“Nostradamus’s commentators have by and large fallen into two camps over the centuries. In one corner stand the enthusiasts, captivated by predictions that, with the right lens, promise to illuminate the course of the world. In the opposite corner are the skeptics, the cynics, the debunkers who took aim during the Renaissance and have never let Nostradamus out of their sight. Six days after 9/11, an American journalist complained that “the kooks are coming out of the woodwork.” This language is typical. Intellectuals and scholars, too, are wary of a phenomenon that reeks of astrology and magic. Nostradamus has long been seen as either an imminent casualty of secular progress or a nefarious remnant of times past…”
Take the modern age for instance ---
Germany’s invasion of Poland in September 1939 triggered the long-awaited war.
The French high command sent conscripts to the Maginot Line, the massive fortification line that stretched between Luxembourg and Switzerland, but instructed them to wait. They bided their time, wrongly convinced that the French army needed two more years to catch up with Germany’s.
As they waited for an attack that did not come, soldiers and civilians grew increasingly fretful and wary of their tentative leaders.

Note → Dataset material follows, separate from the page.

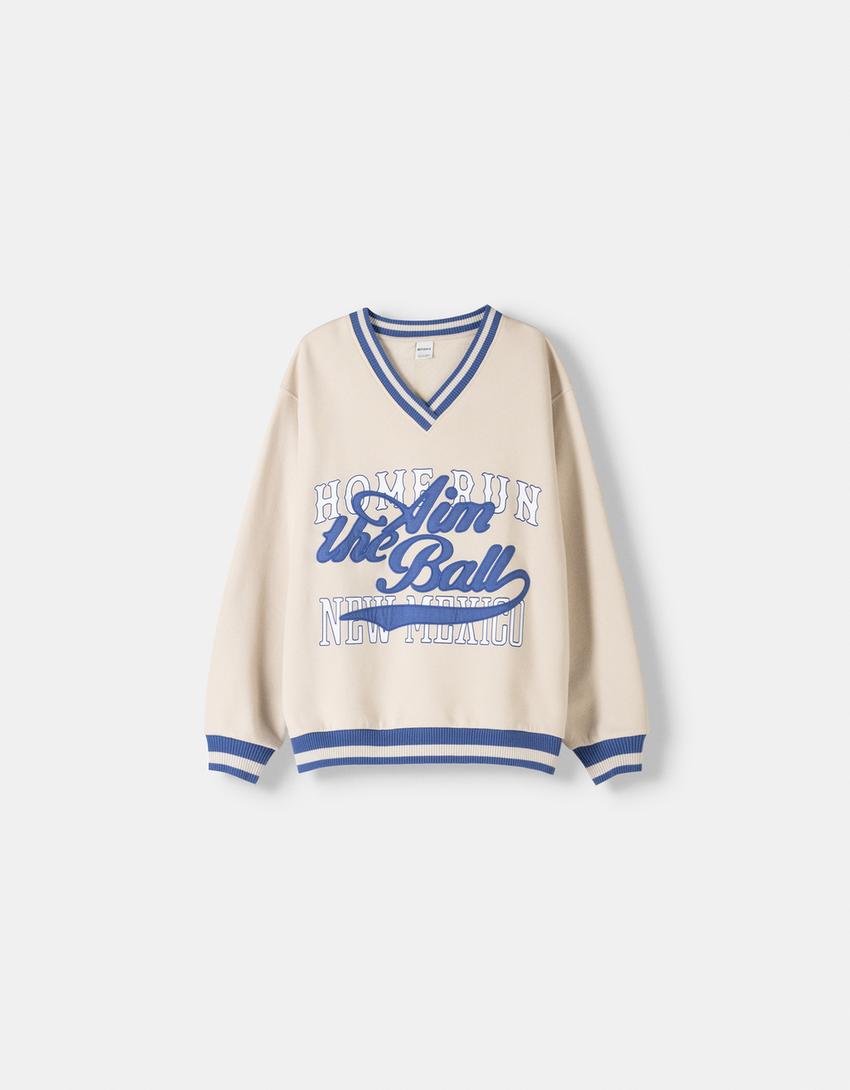 Ζεστό άνετο μπεζ φούτερ με V λαιμό με λάστιχο και στα μανίκια.Διαθέσιμο σε δύο αποχρώσεις, σιέλ ή Μπορντό.

The New York Times reported that men and women of all social stations, including officers at the front, were combing the Prophecies for insight into current and future events. In the town of Versailles, a taxation official welcomed a new underling by pulling out his copy and reciting a quatrain that announced terrible dangers in various regions.

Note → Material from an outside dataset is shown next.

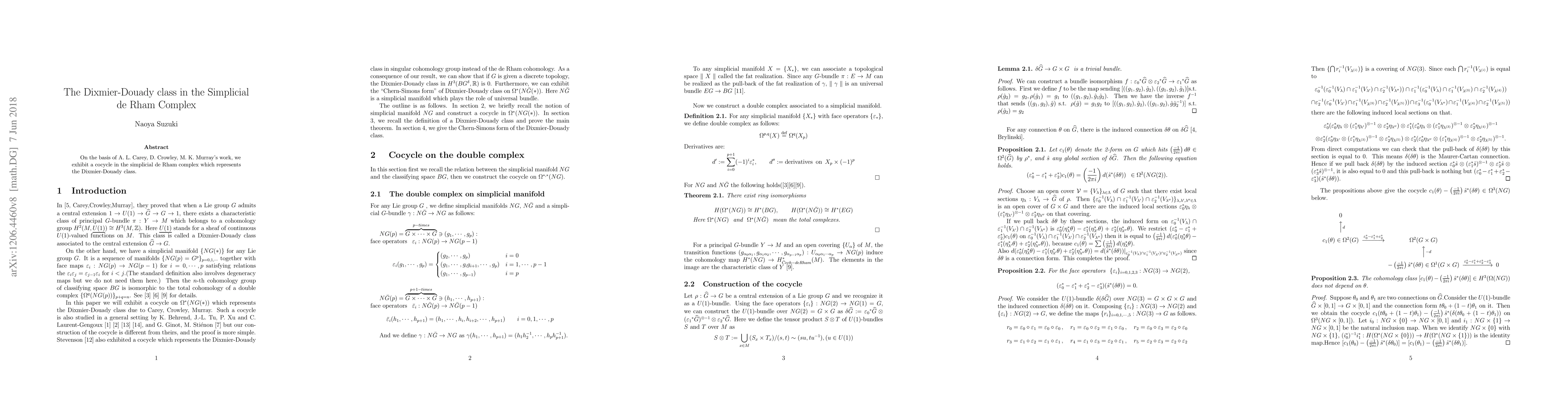 The paper introduces a simplicial Dixmier-Douady cocycle and establishes its relation to the first Chern class via a Chern-Simons form, providing a geometric interpretation of the Dixmier-Douady class in the simplicial de Rham complex.

On the quays of the Seine, strollers asked booksellers for books on magic or spiritualism and above all the Prophecies. One Parisian bookstore sold three thousand copies in a single month that fall. The American journalist A. J. Liebling bought a book of interpretations soon after landing in France.
It predicted the destruction of Paris by birds from the east and the advent of a French king (often depicted as a white knight) who would defeat the Germans in the Loire Valley a year later and then rule from Avignon. If all of this came true, Liebling reflected, Nostradamus would become as revered as experts on European affairs.
Commentators drew attention to quatrain 2.24, which had barely registered beforehand but would circulate widely during the war:
Bestes farouches de faim fleuves tranner,
Plus part du camp encontre Hister sera:
En caige fer le grand fera treisner,
Quand Rin enfant Germain observera….
Beasts wild with hunger shall swim the rivers:
Most of the host shall move against Ister:
He’ll have the great one dragged in iron cage,
When the child the German Rhine surveys.
Ister (spelled Hister in the Old French) most possibly referred to the Danube River.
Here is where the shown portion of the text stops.